The new study marks another significant advance by researchers with the BrainGate consortium, an interdisciplinary group of researchers from Brown, Stanford, Case Western Reserve universities, and the Providence Veterans Affairs Medical Center and Massachusetts General Hospital. In 2012, the team published landmark research in which clinical trial participants were able, for the first time, to operate multidimensional robotic prosthetics using a BCI. That work has been followed by a steady stream of refinements to the system, as well as new clinical breakthroughs that have enabled people to type on computers, use tablet apps and even move their own paralyzed limbs.

"The evolution of intracortical BCIs from requiring a wire cable to instead using a miniature wireless transmitter is a major step toward functional use of fully implanted, high-performance neural interfaces," said study co-author Sharlene Flesher, who was a postdoctoral fellow at Stanford and is now a hardware engineer at Apple. "As the field heads toward reducing transmitted bandwidth while preserving the accuracy of assistive device control, this study may be one of few that captures the full breadth of cortical signals for extended periods, including during practical BCI use."
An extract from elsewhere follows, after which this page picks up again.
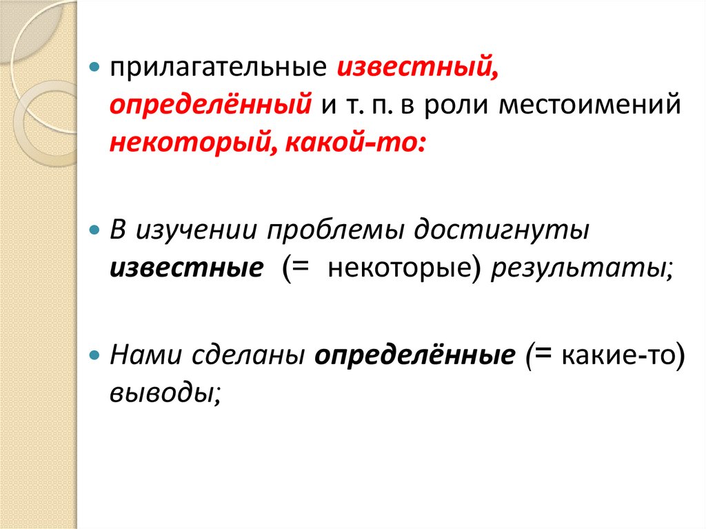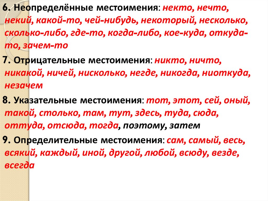6. Неопределённые местоимения: некто, нечто,некий, какой-то, чей-нибудь, некоторый, несколько,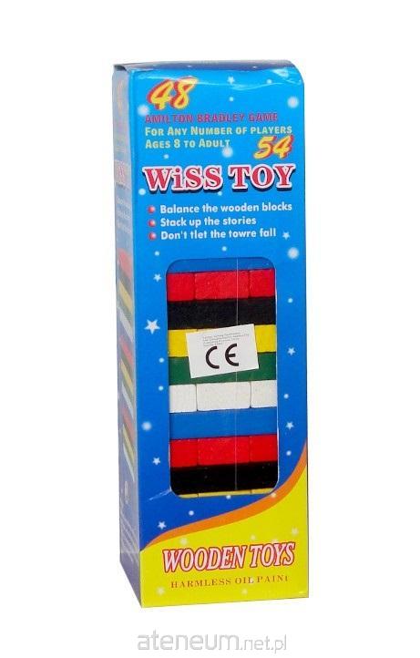 Drewniane klocki do układania, a także gra zręcznościowa. Zabawka przeznaczona dla dzieci powyżej 3 roku życia. Produkt zapakowany w kartonowe pudełko.

The new wireless technology is already paying dividends in unexpected ways, the researchers say. Because participants can use the wireless device in their homes without a technician on hand to maintain the wired connection, the BrainGate team has been able to continue their work during the COVID-19 pandemic.

"In March 2020, it became clear that we would not be able to visit our research participants' homes," said Hochberg, who is also a critical care neurologist at Massachusetts General Hospital and director of the V.A. Rehabilitation Research and Development Center for Neurorestoration and Neurotechnology. "But by training caregivers how to establish the wireless connection, a trial participant was able to use the BCI without members of our team physically being there. So not only were we able to continue our research, this technology allowed us to continue with the full bandwidth and fidelity that we had before."

Simeral noted that "Multiple companies have wonderfully entered the BCI field, and some have already demonstrated human use of low-bandwidth wireless systems, including some that are fully implanted. In this report, we're excited to have used a high-bandwidth wireless system that advances the scientific and clinical capabilities for future systems."